> What the task requires
Beginning with the line that has "数学家发现:向日葵中心种子的", write out each line down to the end of the records below exactly, and include no pictures.

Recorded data
================================
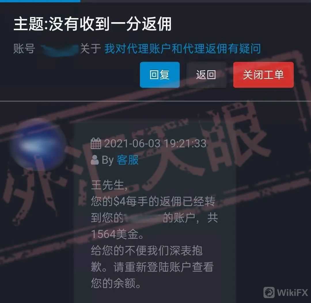 据外汇天眼的某用户投诉反馈,自己在某外汇平台开了代理,并且与平台的相关人员商量好了关于佣金的返现问题。
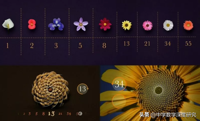 数学家发现:向日葵中心种子的排列图案,树木随年期长出的分枝的规律等都遵循斐波那契数列。斐波那契数列矗立在雄伟的建筑上,辉映于葱茏成蕤的草木间,盛开在嫣红姹紫的花丛中。
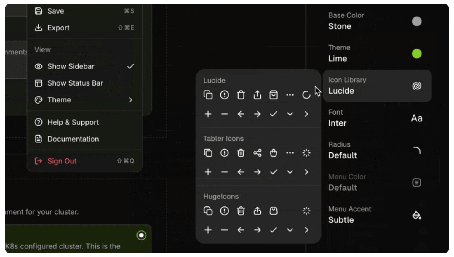 案例3:知名組件庫(kù)shadcn推出shadcn create,提供可視化方式自定義基礎(chǔ)組件的結(jié)構(gòu)、間距、字體與風(fēng)格,并支持一鍵在Next、Vite、TanStack Start中啟動(dòng)生成主題,大幅降低構(gòu)建專(zhuān)屬設(shè)計(jì)系統(tǒng)的門(mén)檻。
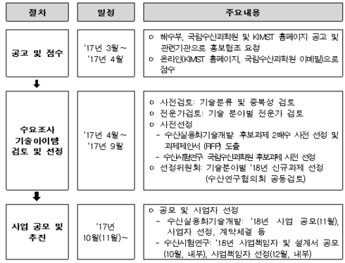제출된 기술수요조사서를 바탕으로 분야별 전문가들이 연구의 실효성 및 중복성 등을 검토하여 과제를 최종 선정하고, 과제가 선정되면 2018년 수산연구개발사업에 반영하여 기술개발에 착수할 계획이다. 기초·응용 단계에 있는 기술 연구는 국립수산과학원에서 수행하고, 실증·산업화 단계의 기술은 해양수산부에서 직접 지원하여 전 과정을 효율적으로 지원하는 ‘연구성과 이어달리기’가 이루어지도록 할 계획이다.
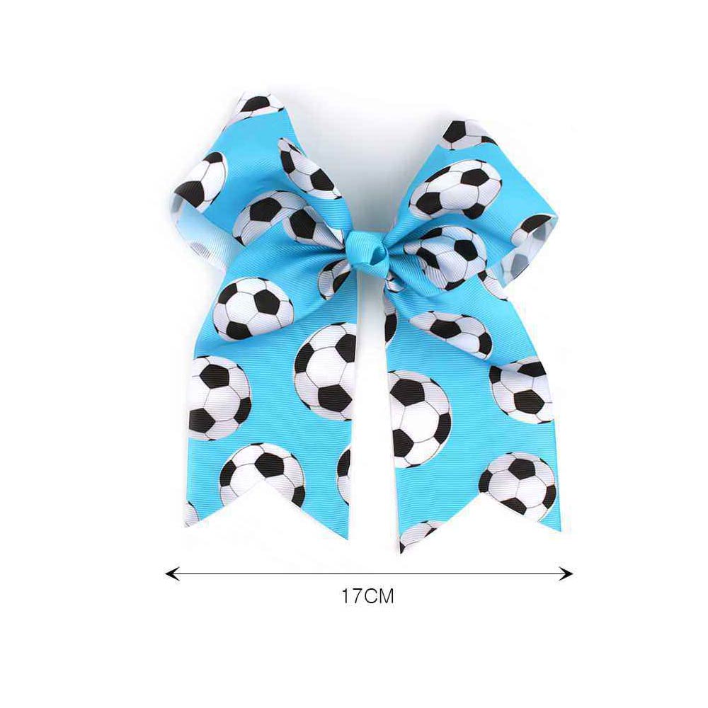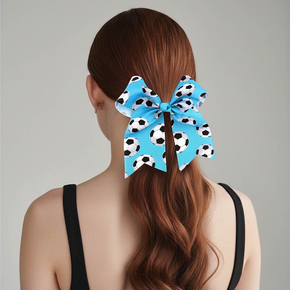 • Sport-inspired soccer ball print hair bow clip designed to add a playful, energetic touch to ponytails and half-up styles. Features a secure clip that holds hair comfortably for game days, school events, team spirit outfits, and casual wear. A fun accessory ideal for sports fans, boutiques, team stores, and gift selections.
================================
> Your response
 数学家发现:向日葵中心种子的排列图案,树木随年期长出的分枝的规律等都遵循斐波那契数列。斐波那契数列矗立在雄伟的建筑上,辉映于葱茏成蕤的草木间,盛开在嫣红姹紫的花丛中。
 案例3:知名組件庫(kù)shadcn推出shadcn create,提供可視化方式自定義基礎(chǔ)組件的結(jié)構(gòu)、間距、字體與風(fēng)格,并支持一鍵在Next、Vite、TanStack Start中啟動(dòng)生成主題,大幅降低構(gòu)建專(zhuān)屬設(shè)計(jì)系統(tǒng)的門(mén)檻。
제출된 기술수요조사서를 바탕으로 분야별 전문가들이 연구의 실효성 및 중복성 등을 검토하여 과제를 최종 선정하고, 과제가 선정되면 2018년 수산연구개발사업에 반영하여 기술개발에 착수할 계획이다. 기초·응용 단계에 있는 기술 연구는 국립수산과학원에서 수행하고, 실증·산업화 단계의 기술은 해양수산부에서 직접 지원하여 전 과정을 효율적으로 지원하는 ‘연구성과 이어달리기’가 이루어지도록 할 계획이다.
 • Sport-inspired soccer ball print hair bow clip designed to add a playful, energetic touch to ponytails and half-up styles. Features a secure clip that holds hair comfortably for game days, school events, team spirit outfits, and casual wear. A fun accessory ideal for sports fans, boutiques, team stores, and gift selections.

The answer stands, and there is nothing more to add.